[Exercise details] Each line of the data below from the one holding "Fig. 1. Representative" to the one holding "Similar to the", inclusive, is to be reproduced exactly; no other line belongs in the answer.

── Study material ──

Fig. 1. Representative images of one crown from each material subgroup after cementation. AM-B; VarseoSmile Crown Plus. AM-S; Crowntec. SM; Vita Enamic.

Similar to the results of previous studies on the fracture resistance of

───
── Study material ──

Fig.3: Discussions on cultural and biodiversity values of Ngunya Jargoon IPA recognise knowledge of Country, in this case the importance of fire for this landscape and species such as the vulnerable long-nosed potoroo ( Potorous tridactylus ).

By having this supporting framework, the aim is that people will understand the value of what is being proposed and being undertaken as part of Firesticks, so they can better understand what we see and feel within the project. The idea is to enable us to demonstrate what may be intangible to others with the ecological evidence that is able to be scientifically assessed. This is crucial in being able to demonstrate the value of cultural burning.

───
── Study material ──

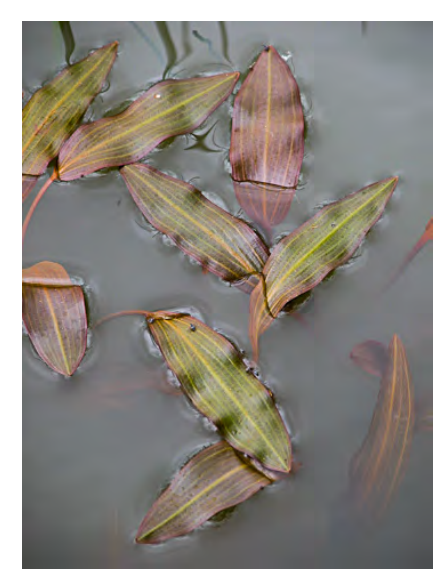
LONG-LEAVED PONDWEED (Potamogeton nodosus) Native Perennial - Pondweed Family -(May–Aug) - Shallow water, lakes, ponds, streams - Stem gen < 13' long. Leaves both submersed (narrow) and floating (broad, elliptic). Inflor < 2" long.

───

[Answer below]
Fig. 1. Representative images of one crown from each material subgroup after cementation. AM-B; VarseoSmile Crown Plus. AM-S; Crowntec. SM; Vita Enamic.

Similar to the results of previous studies on the fracture resistance of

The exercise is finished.